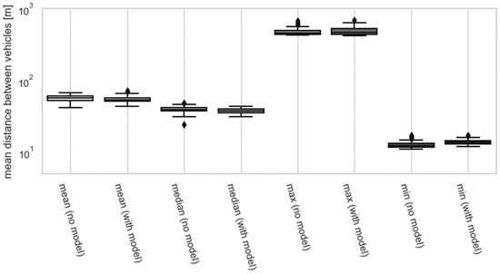 Simulations related to the recommended traffic speed were conducted for two cases. In the first one, the system for calculating and enforcing the recommended speed was turned off, and combinations of the three previously mentioned vehicle traffic volumes and response times were tested. Then, the same situations were analyzed, but with the system turned on. The output of the simulation was a set of statistical descriptors reflecting the distance between vehicles in each simulated scenario. The minimal, maximal, median, and mean value of the distance between the vehicles was collected. Such a set of parameters was obtained for each of the 40 repetitions of the simulations. Each repetition contained a traffic example, which was affected by the proposed system for the automatic control of the speed limit, as well as an example of a situation in which the system was turned off. Therefore, it was possible to calculate the change in the statistical properties of the distance between the vehicles for each considered case.
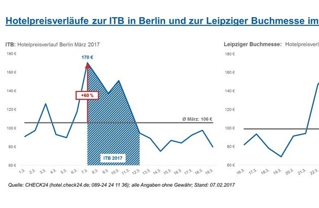 - Preiserhöhungen im Schnitt um 71 ProzentDie Internationale Tourismus-Börse (ITB) in Berlin und die Leipziger Buchmesse ziehen im März 2017 hunderttausende Besucher an.* Dadurch steigen die Preise für Hotelübernachtungen in den beiden Städten deutlich an: Besucher der ITB (08. bis 12. März) zahlen in Messenähe für ein Zimmer gleicher Kategorie im identischen Hotel in der Spitze viermal so viel wie eine Woche später.** Zur Leipziger Buchmesse (23. bis 26. März) sind die Hotelkapazitäten schon jetzt knapp: Zum Betrachtungszeitpunkt gab es im CHECK24-Hotelvergleich nur noch in zwei messenahen Unterkünften freie Zimmer mit Preisaufschlägen von bis zu 385 Prozent.
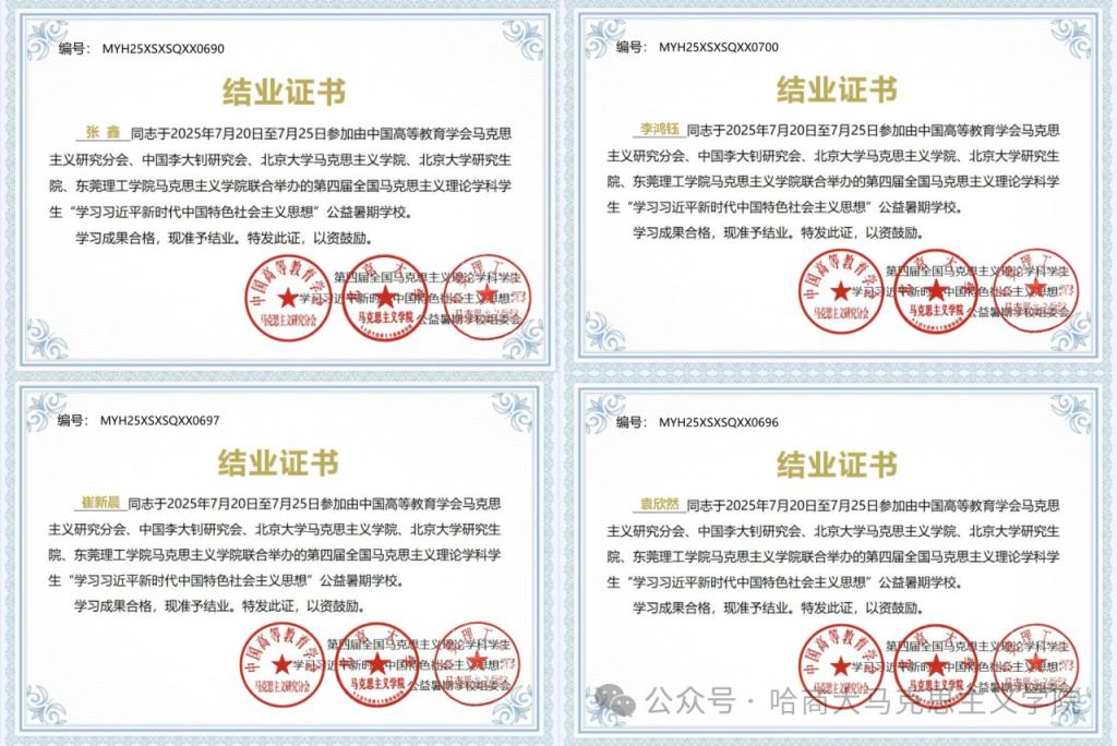 学习期间,我院研究生严格遵守纪律,全程在线参与集中学习、认真记录笔记,最终均顺利获得结业证书,不仅积累了专业知识,更筑牢了思想根基、拓展了学术视野。
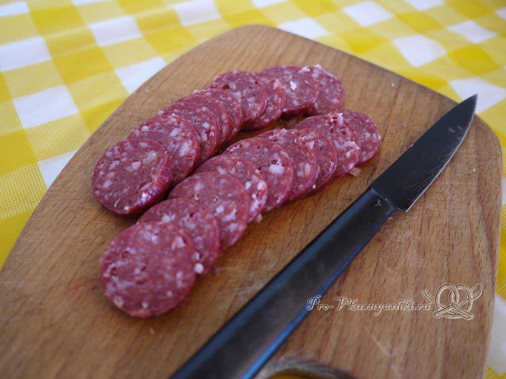 Сырокопченую колбасу нарезаем тонкими слайсами.
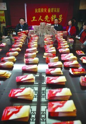 將近三百萬元現(xiàn)金堆在桌子上,看起來有點(diǎn)“夸張”,但它們?cè)诩磳⒁偷募t包中,只占現(xiàn)金量的十分之一左右!這次去災(zāi)區(qū),陳光標(biāo)與63位企業(yè)家捐贈(zèng)與籌集的現(xiàn)金總額約3000萬元,另外還有大米、豬肉、食用油、羽絨服、毛衣等物資,價(jià)值3000多萬元。其中,陳光標(biāo)的黃埔再生資源利用有限公司捐贈(zèng)現(xiàn)金300萬元。

• • •

§ **What needs to be done**: Repeat the records above exactly, leaving out any pictures they contain.

§ **Output**:
 Simulations related to the recommended traffic speed were conducted for two cases. In the first one, the system for calculating and enforcing the recommended speed was turned off, and combinations of the three previously mentioned vehicle traffic volumes and response times were tested. Then, the same situations were analyzed, but with the system turned on. The output of the simulation was a set of statistical descriptors reflecting the distance between vehicles in each simulated scenario. The minimal, maximal, median, and mean value of the distance between the vehicles was collected. Such a set of parameters was obtained for each of the 40 repetitions of the simulations. Each repetition contained a traffic example, which was affected by the proposed system for the automatic control of the speed limit, as well as an example of a situation in which the system was turned off. Therefore, it was possible to calculate the change in the statistical properties of the distance between the vehicles for each considered case.
 - Preiserhöhungen im Schnitt um 71 ProzentDie Internationale Tourismus-Börse (ITB) in Berlin und die Leipziger Buchmesse ziehen im März 2017 hunderttausende Besucher an.* Dadurch steigen die Preise für Hotelübernachtungen in den beiden Städten deutlich an: Besucher der ITB (08. bis 12. März) zahlen in Messenähe für ein Zimmer gleicher Kategorie im identischen Hotel in der Spitze viermal so viel wie eine Woche später.** Zur Leipziger Buchmesse (23. bis 26. März) sind die Hotelkapazitäten schon jetzt knapp: Zum Betrachtungszeitpunkt gab es im CHECK24-Hotelvergleich nur noch in zwei messenahen Unterkünften freie Zimmer mit Preisaufschlägen von bis zu 385 Prozent.
 学习期间,我院研究生严格遵守纪律,全程在线参与集中学习、认真记录笔记,最终均顺利获得结业证书,不仅积累了专业知识,更筑牢了思想根基、拓展了学术视野。
 Сырокопченую колбасу нарезаем тонкими слайсами.
 將近三百萬元現(xiàn)金堆在桌子上,看起來有點(diǎn)“夸張”,但它們?cè)诩磳⒁偷募t包中,只占現(xiàn)金量的十分之一左右!這次去災(zāi)區(qū),陳光標(biāo)與63位企業(yè)家捐贈(zèng)與籌集的現(xiàn)金總額約3000萬元,另外還有大米、豬肉、食用油、羽絨服、毛衣等物資,價(jià)值3000多萬元。其中,陳光標(biāo)的黃埔再生資源利用有限公司捐贈(zèng)現(xiàn)金300萬元。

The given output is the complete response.